Re:That's pretty amazing.

[ConceptJunkie]

The real kicker was when I switched to Outlook 2003 from Outlook Express. From a usability point of view, it was a pretty good improvement, especially the spam handling, but with a fairly large message store, it took at least an order of magnitude longer to access folders, etc, in O2k3 than OE. It was absurd. Oh, yeah, and the fact that an O2k3 data store can't be bigger than about 1GB to 1.5GB before it starts losing messages (I couldn't believe this at first but it was confirmed by two people with much more MS experience than me). I switched to Thunderbird around 0.5 and haven't given it a second thought.

Now here's a case where the MS software really was well-designed and easy to use (from a UI standpoint), but the grotesque slowness of the app killed it for me.

In 1994, I had a 50MHz 486SX... I didn't buy a Pentium 100 until '96, so you're right. Clock speed is more like 40 - 60 times faster (and thanks to wonders of CISC, performance is more than that). And disk space has increased for me by 3 orders of magnitude.

I seem to recall MicroCenter or CompUSA having a "Buck-a-Meg" sale and I bought a 340MB drive for $340, bringing my total to a whopping 580MB. Now I've got about 600GB over about 4 machines, maybe more since each box is crammed full of old drives ranging from 7GB to 250GB etc in addition to a few bigger drives.

I used to hate how my Amiga took like 3 minutes to boot back in the late 80's.

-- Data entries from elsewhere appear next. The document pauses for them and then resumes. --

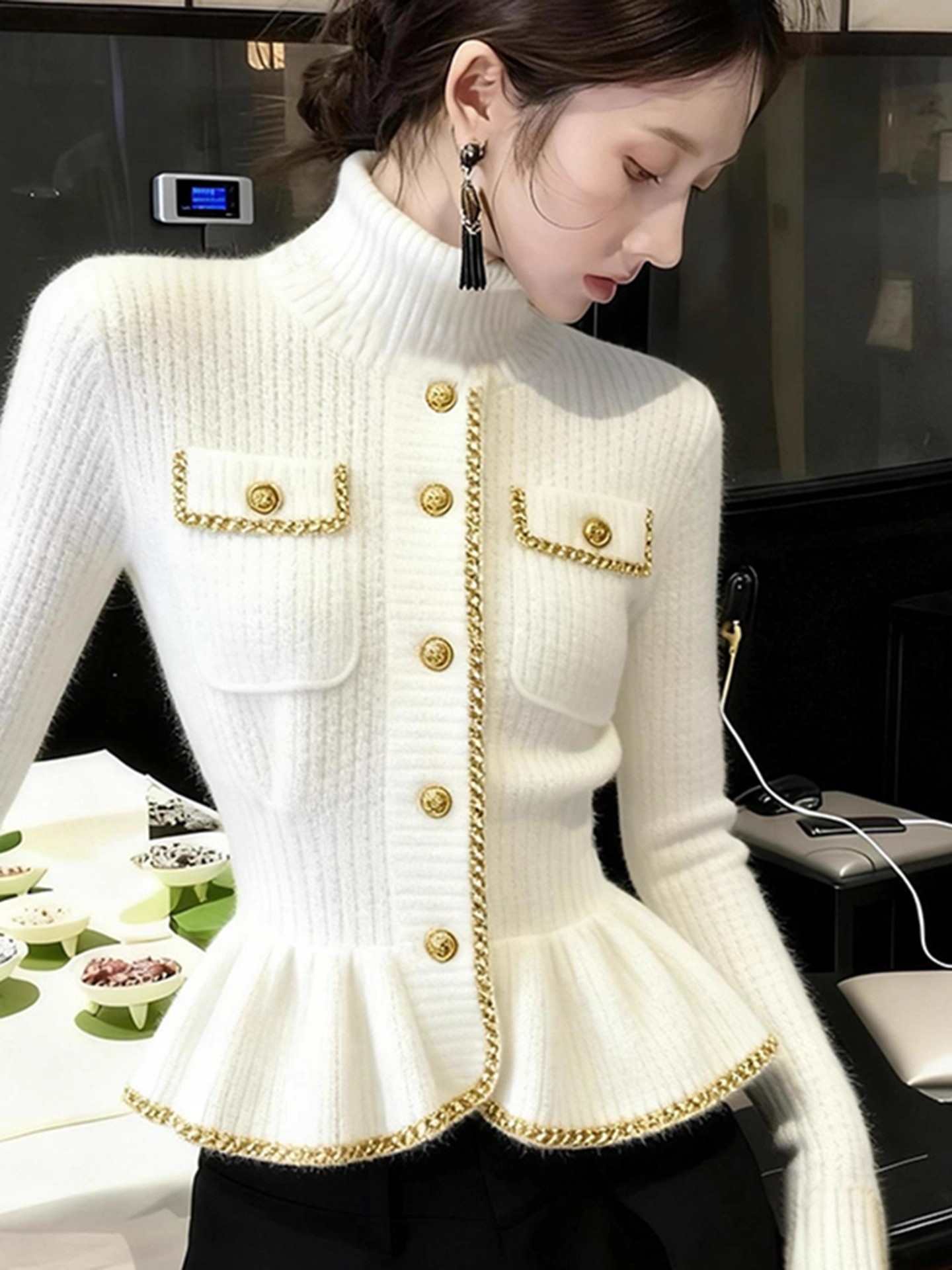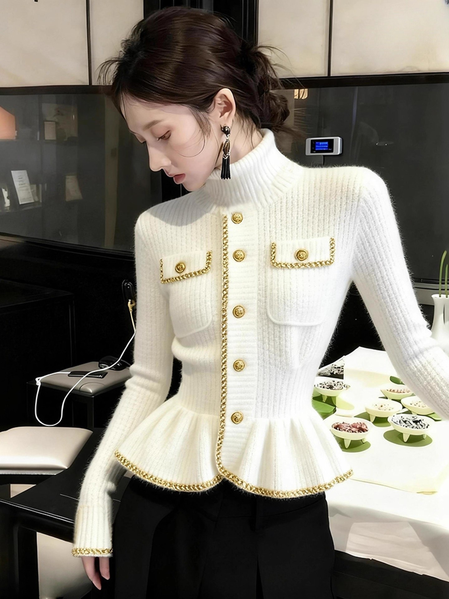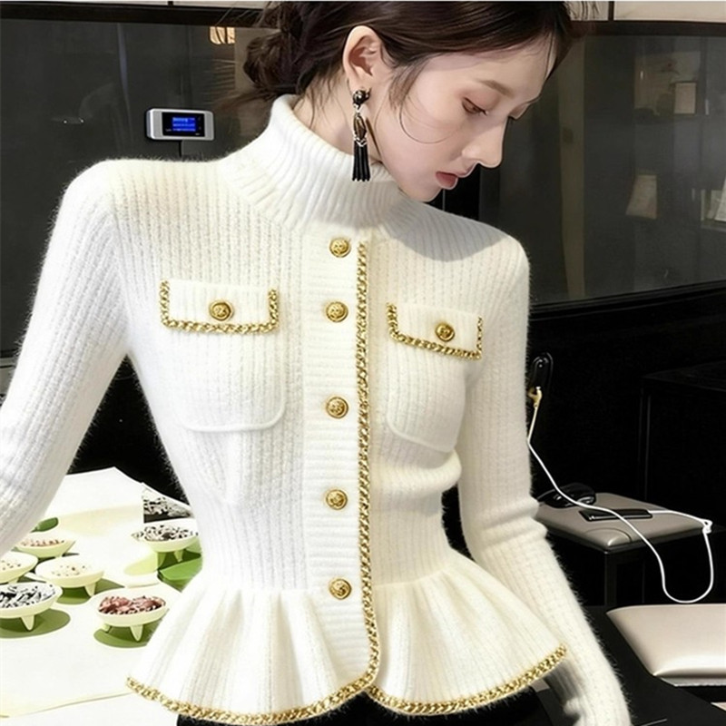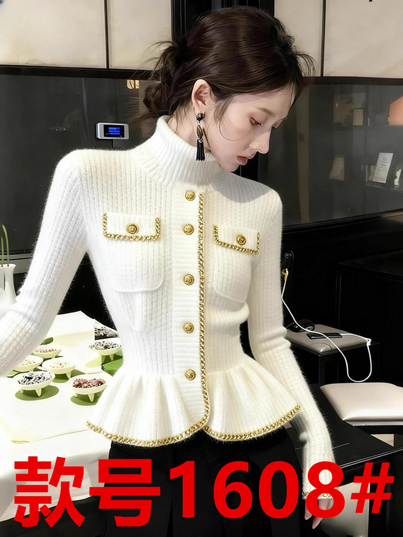 FA47592# 小香风白色高领毛衣女秋冬新款时髦洋气时尚气质掐腰针织上衣 服裝批發女裝批發服飾貨源
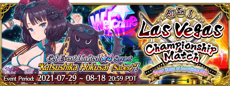 The following Servants related to the Limited Time Event "All In! Las Vegas Championship Match - Seven Duels of Swordbeauties!" will be featured as Pickup Servants!
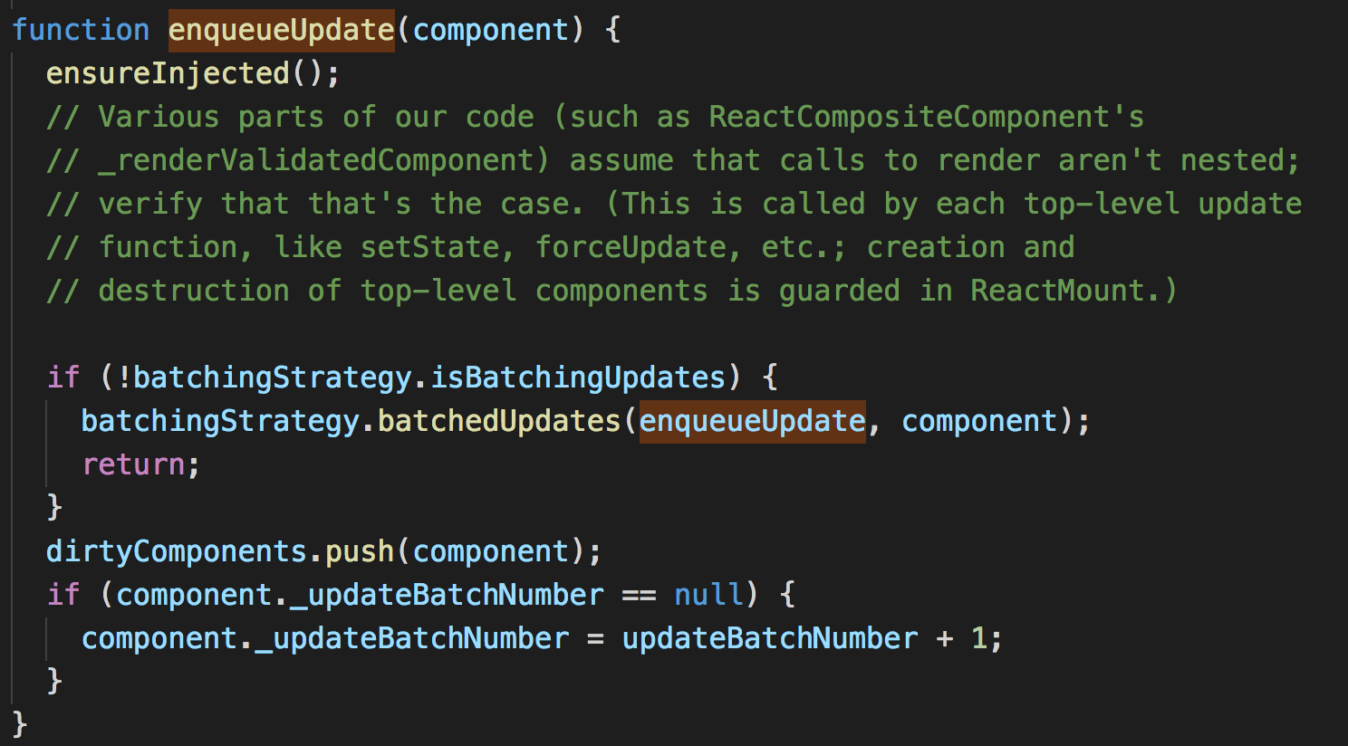接下来便是最终要的 enqueueUpdate方法了,然而这里面做了什么呢?我们接着看
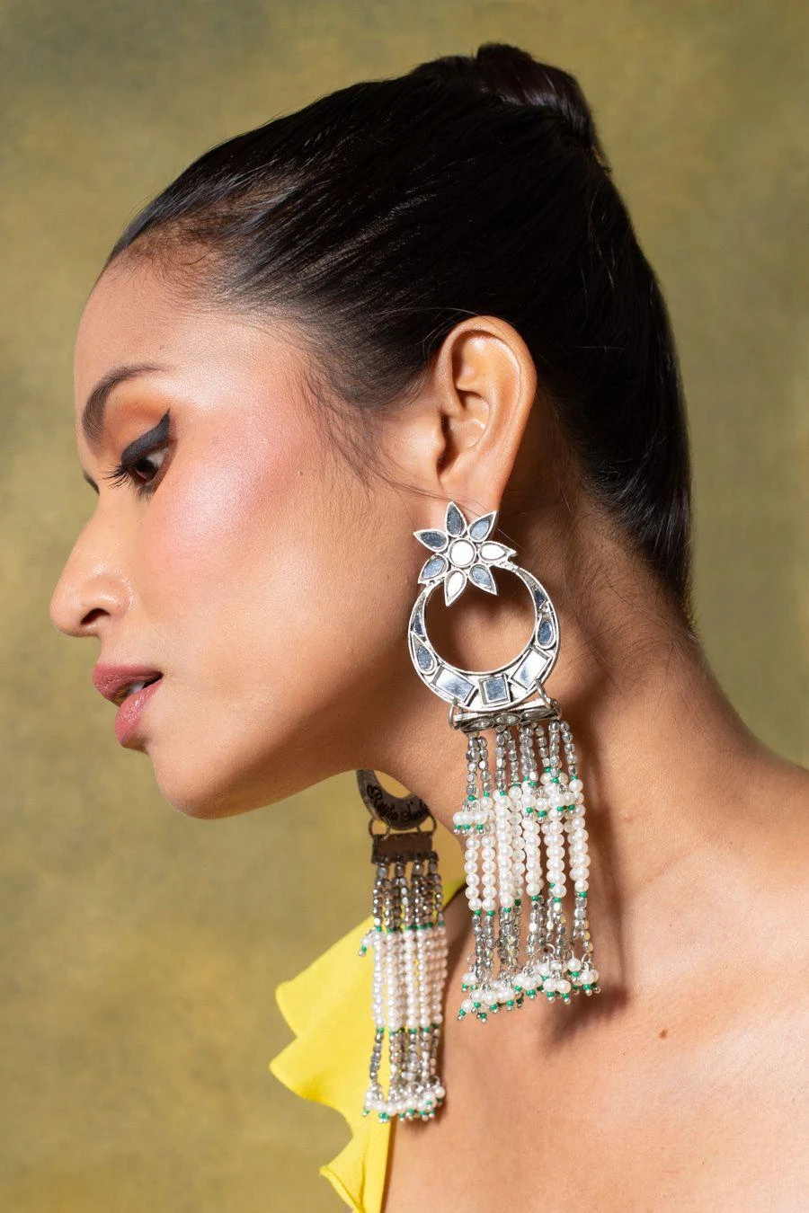 The lunar theme of the earrings adds a touch of mystique, evoking the romanticism of moonlit nights & starry skies. The iridescence of the pearls creates a shimmering effect making these earrings perfect for any occasion.
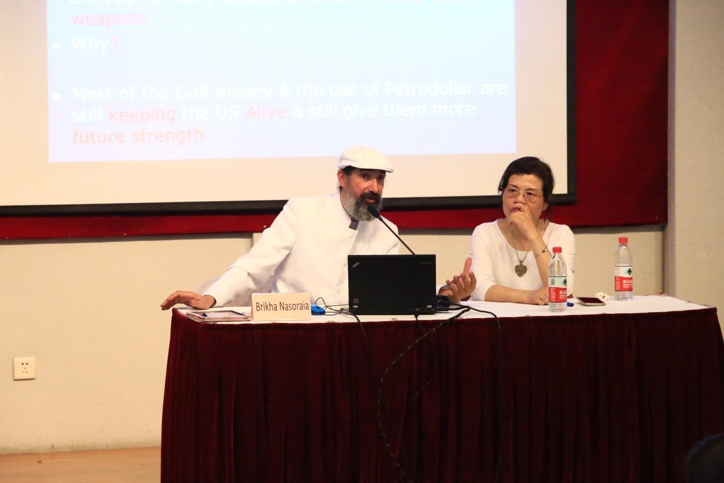 Brikha H. S. Nasoraia教授引导师生以辩证的思维透过问题的表象看本质。如何看待“全球化”所带来的各种变化?是和谐相处,还是加剧各种冲突?谁能够从“全球化”中受益呢?中东人总是把矛头指向美国或者与美国结盟的以色列,认为他们是这些冲突的始作俑者。反美情绪在阿拉伯穆斯林中间特别严重。要想了解中东的冲突原因,很好地分析、解决问题,就必须找到这些反美现象的根源。他认为,中东一些国家的民众思维还停留在民族主义的层面上,远没有提升到全球化的高度。如果中东这些国家能够提升他们的民众意识,合理地改善教育,那么中东冲突的问题就能够得到很好的解决。最后,Nasoraia教授提出,在全球化的进程中,各个地方、各个国家应该互利互助,共同进步,才能建立人类的美好家园。
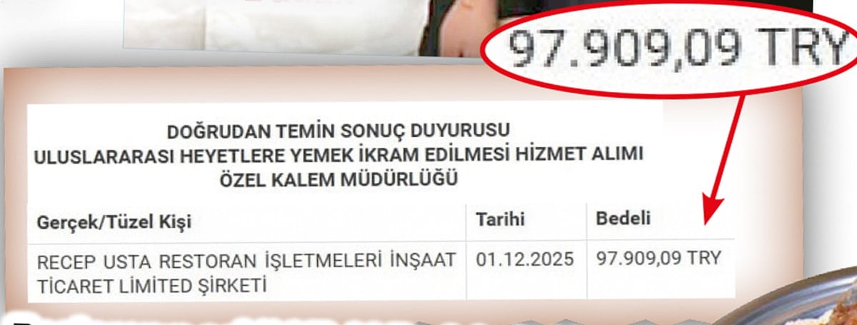 Son olarak KKTC’den gelen Çalışma ve Sosyal Güvenlik Bakanı Oğuzhan Hasipoğlu ile 12 kişilik heyet de meşhur Tavacı Recep Usta’da ağırlandı. Mekanda bir gecelik yemek için 97 bin 909 TL (yani 4.5 asgari ücret) fatura edildi. Yemeğe kaç kişinin katıldığı ise açıklanmadı. Bakanlığın Mayıs ayında Azerbaycan heyetine Recep Usta’da verdiği yemeğin maliyeti de 30 bin liraydı. Maliye Bakanı Mehmet Şimşek’in de Tavacı Recep Usta’ya gittiği kamuoyuna yansımıştı.
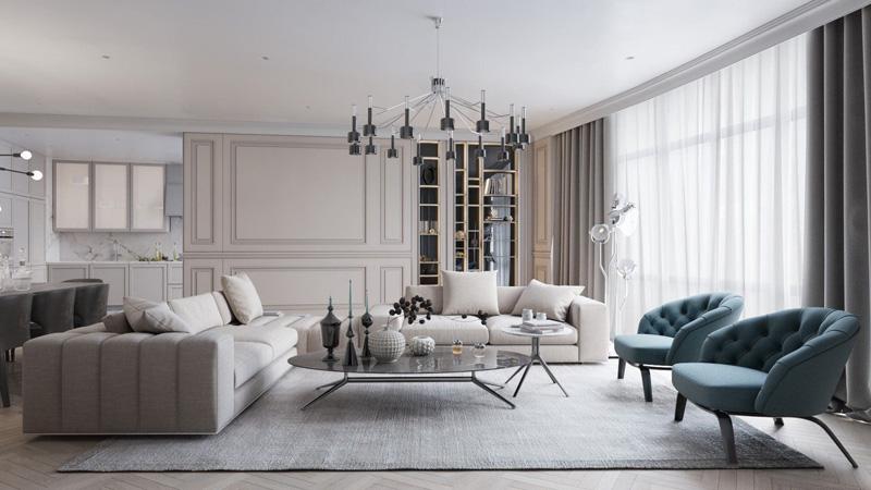 Rèm cửa lắp đặt cho biệt thự tân cổ điển thường trang nhã, sang trọng về màu sắc

Windows 2000 on a machine that was 100 times faster took around the same time. XP is much better, but still, there are times when I have a lot of apps loaded and it just seems to go out to lunch for several seconds before anything responds. And don't get me started on the launch time for Word 2003...

ANSI Bombs

[hpavc]

Does anyone remember those ANSI bombs of old? I remember BBS's had all sorts of elaborate protections against them, zipfile comments etc.

Anyone think it's interesting...

[JohnsonWax]

That /.ers can reference generic sounding apps like GraphicConverter and Preview without mention of the operating system?

Apple really has come a long way around here, eh?

Re:Anyone think it's interesting...

[Yaztromo]

Apple really has come a long way around here, eh?

For the record, I bought my first Mac (a 12" PowerBook G4) this past spring based in significant part on all the good things I had read about Apple's latest offerings here on /. .

Yaz.

I wish Windows was like the Mac in this area...

[Chordonblue]

It's all pretty simple there. To install something you have to put in the admin password. Unix made easy.

The way Apple does it (by app) is FAR more intelligent than having to make a user an admin or log out of the system entirely to log in as an admin.

I have a few applications here at the school that demand admin privs. I've all but given up trying to restrict them. But as anyone who has seen the proliferation of unwanted toolbars can attest - the cost is high.

How do they reencode?

[SuperKendall]

MSN reencodes all images to PNG

That brings to mind the question of if the reader on the server is using a standard library that might have buffer exploits, so that you could alter the server to start feeding out PNG's with viruses (assuming a similar attack could be found in the PNG reader in windows, not sure if that's true or not).

Re:Tutorial on GDI Scan to find vulnerable apps

[pe1chl]

This page refers to a download location for an updated gdiplus.dll, but the extracted file is dated 04-05-2004.
Is that really the fixed version? Did Microsoft know about this problem for so long?

Is this based on the Independent JPEG Group lib?

[fraktus]

From www.ijg.org. This library is very popular.
And if yes, are all application linking this library subject to the vulnerability?

If yes this will be a lot of work to update all applications.